With all that in mind, this list attempts to rank the best martial flicks of the 2020s so far, from the bone-crunching brutality of Mortal Kombat to the multiversal mayhem of Everything Everywhere All at Once. Many of these might not reach the heights of the genre's all-time masterpieces, but they have done a remarkable job keeping it alive at a time when audiences no longer seem to appreciate martial arts.
10 'Sakra' (2023)
Image via Well Go USA"To live in the martial world is to carry endless grudges." Genre legend Donnie Yen both starred in and directed this one, a deliberate return to traditional wuxia storytelling. He plays Qiao Feng, a respected martial artist falsely accused of murder and forced into exile while trying to uncover the conspiracy surrounding his identity. He inhabits a world with a heightened fantasy aesthetic, all misty mountains and warriors leaping across rooftops.

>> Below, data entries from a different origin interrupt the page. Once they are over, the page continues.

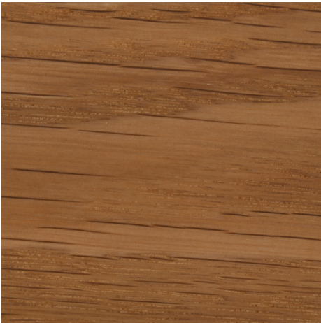
Oiled White Oak
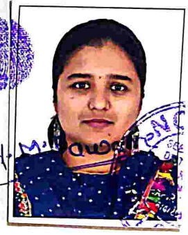
DEPONENT NO. 2
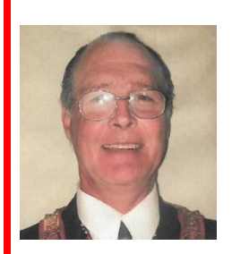
Grand King Is our Grand King okay? I haven't had an article from him in a long time.
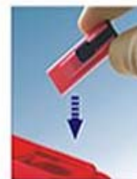
2 Dispose of the lancet in a suitable container
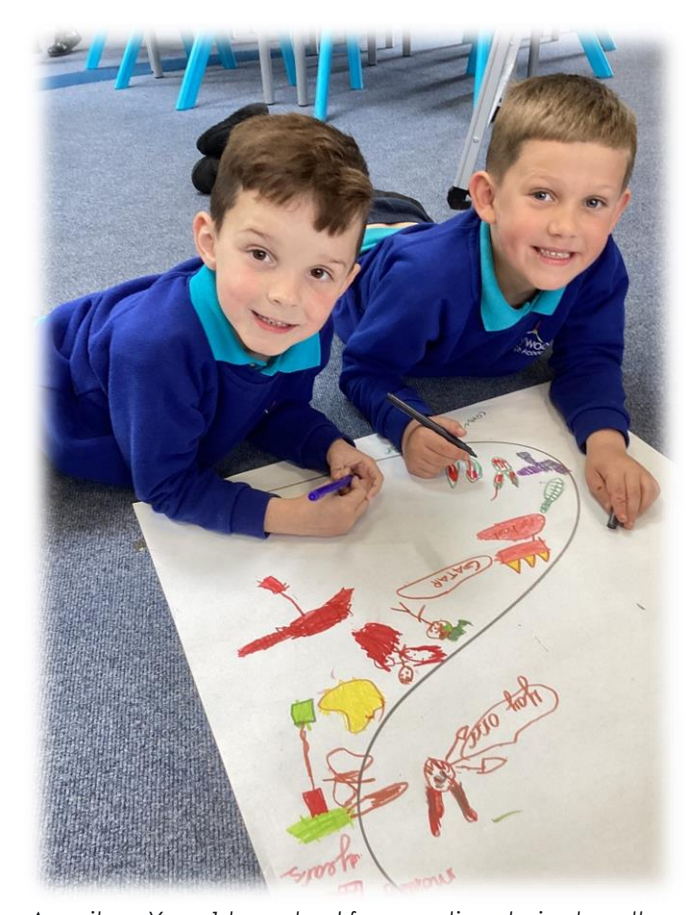
As writers, Year 1 have had fun creating stories together.
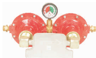
ACM4-Auotamation Change Over -Med Flow
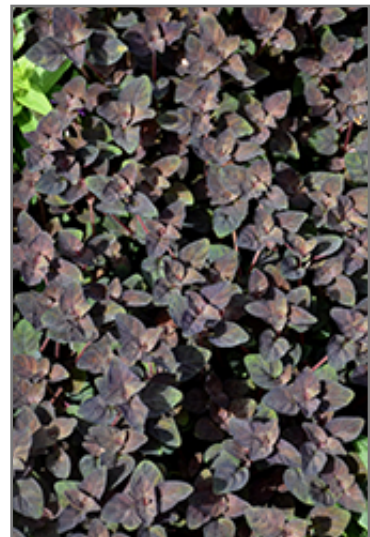
Persian Chocolate Loosestrife foliage
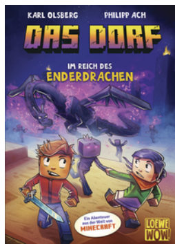
The Villagers - In the Empire of the Enderdragon (Vol. 4)
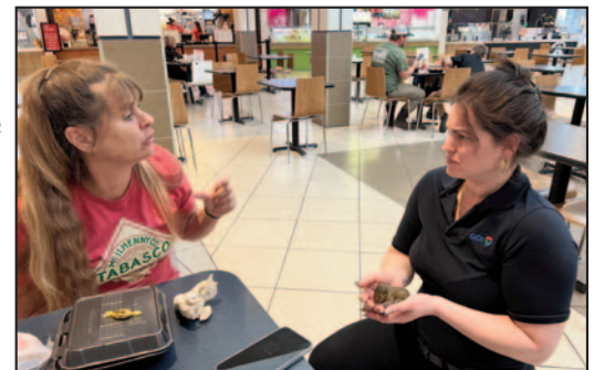
Lady on left received Jesus and the worker received a squirrel!

Yen's performance is strong enough that it's never overshadowed by the spectacle. He's always physically convincing, and here he gets a chance to play an older, more exhausted warrior than the unstoppable fighters from earlier in his filmography. There's a deep sadness to Qiao Feng that makes him more interesting than your average martial arts protagonist. All in all, a solid star vehicle.
9 'Mortal Kombat' (2021)
"Flawless victory." Mortal Kombat has produced some infamously bad movies over the years, but the 2021 reboot is not one of them. While certainly not flawless, it's an entertaining flick that radiates clear affection for the games. Lewis Tan leads the cast as Cole Young, a washed-up MMA fighter who becomes entangled in the ancient conflict between Earthrealm warriors and Outworld assassins ahead of the titular tournament.

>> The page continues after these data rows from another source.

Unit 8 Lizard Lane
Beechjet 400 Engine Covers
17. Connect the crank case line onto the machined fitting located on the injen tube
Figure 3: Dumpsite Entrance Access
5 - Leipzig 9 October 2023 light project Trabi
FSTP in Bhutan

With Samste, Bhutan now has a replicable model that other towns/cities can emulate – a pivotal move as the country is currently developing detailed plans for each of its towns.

The plot exists largely as connective tissue between characters, mythology, and increasingly violent fights, but that’s perfectly fine because Mortal Kombat embraces its ridiculousness with genuine enthusiasm. The fatalities are grotesque and exaggerated, the powers are ludicrous in the best way, and the characters behave like heightened comic-book archetypes (as they should). Josh Lawson, in particular, steals much of the movie as Kano through his sheer chaotic energy and constant sarcasm.
8 'The Paper Tigers' (2020)
Image via Well Go USA Entertainment"Kung fu without honor is just fighting." In contrast to the fantastical spectacle of Mortal Kombat, The Paper Tigers offers a much more grounded and emotionally real spin on martial arts tropes. Fundamentally, it asks: what happens to kung fu prodigies once middle age, jobs, injuries, and family responsibilities arrive? The story follows three former martial arts students (Alain Uy, Ron Yuan, and Mykel Shannon Jenkins) who reunite years after drifting apart following the suspicious death of their master.

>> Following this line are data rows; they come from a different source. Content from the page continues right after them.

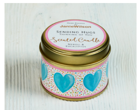
UNCM10 NEROLI & EUCALYPTUS
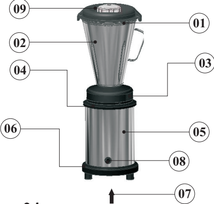
Table - 01
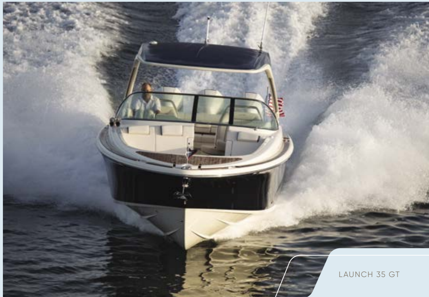
LAUNCH 35 GT

Thanks to a unique distribution agreement, Chris-Craft UK & Balearics operates under the Argo Yachting umbrella, bringing the timeless beauty and exhilarating experience of these crafted boats to Europe's most exciting yachting destinations.
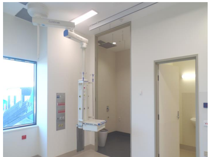
Above: An Isolation Room in the CCU.

Ceiling pendants eliminate the need for any cords or trip hazards around the patient's bed. The pendants are moveable and contain necessary equipment including intravenous poles.
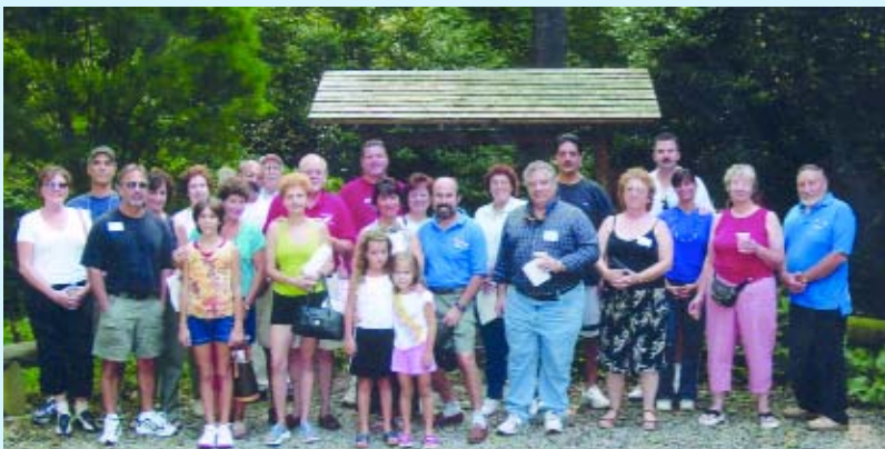
J.P. Humes Stroll Gardens

After listening to week-long weather reports forecasting hurricane winds and rains to hit Long Island, we were greeted by a beautiful morning sun! The entire day was warm and sunny – much like the environment at the homes of our gracious hosts.
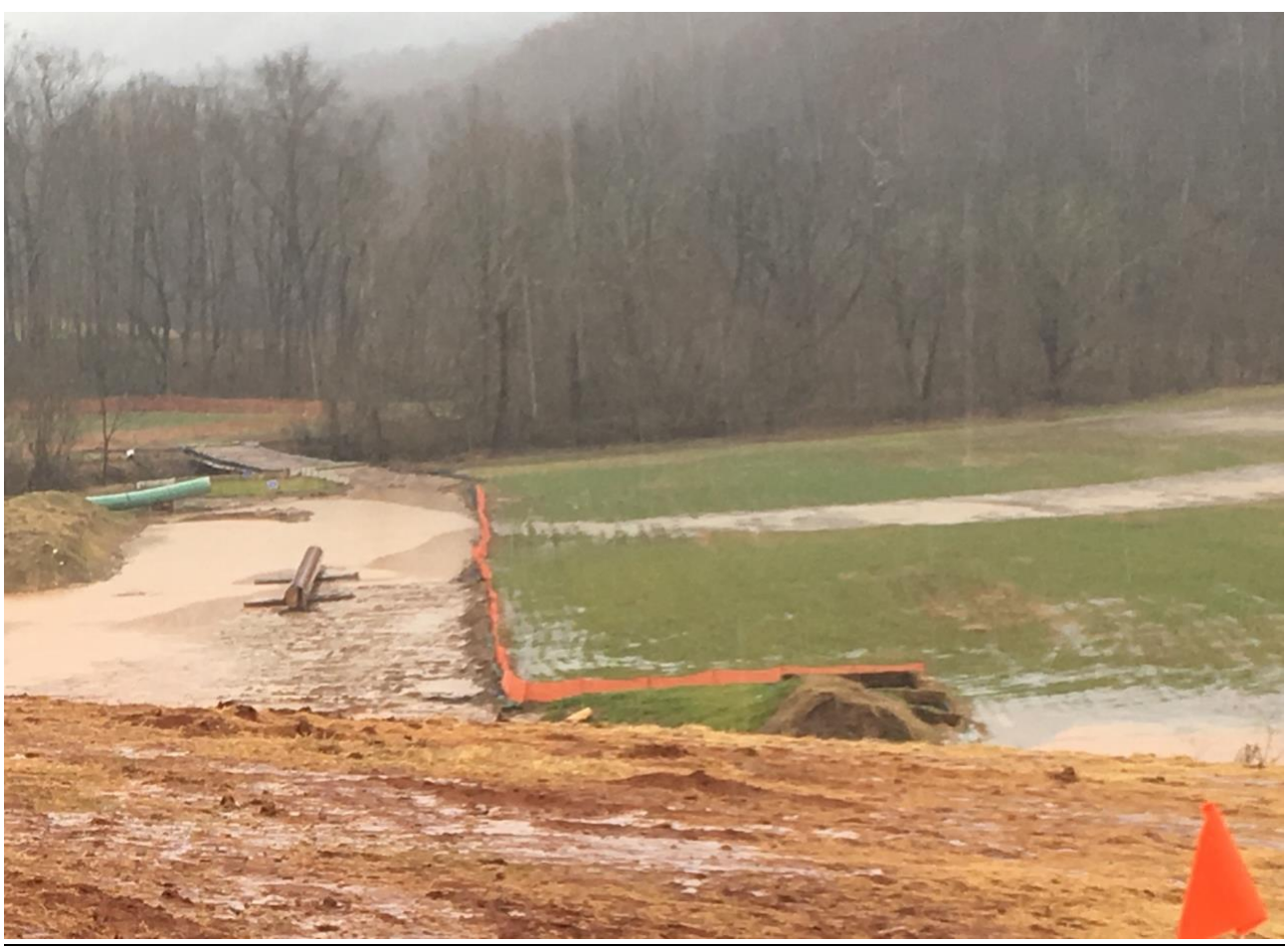
Figure 7 – Angle Property, February 23, 2018

Below is a close-up of a section of Figure 2 above. Here you can see sediment-laden water flowing from the impounded area onsite, through an outlet in the perimeter silt fence on the right, and across the Angle's property in a plume that discharges to the Blackwater River in the far-ground.

The fights are intentionally less polished than usual because the characters themselves are older, slower, and painfully out of practice. That physical imperfection becomes part of The Paper Tigers' charm. At the same time, the movie clearly loves classic kung fu films. You can feel the influence of old-school Hong Kong martial arts cinema in the training flashbacks, rival schools, eccentric masters, and emphasis on honor and discipline.
7 'Raging Fire' (2021)
Image via Emperor Motion Pictures"Does someone have a grudge against you?" Raging Fire was the final movie directed by Hong Kong action master Benny Chan, known for flicks like Big Bullet and New Police Story. This one follows principled police officer Bong (Donnie Yen) after a gang of highly trained criminals led by his former protégé Ngo begins carrying out increasingly violent attacks across Hong Kong. What begins as a straightforward cops-versus-criminals thriller gradually becomes something more tragic and personal.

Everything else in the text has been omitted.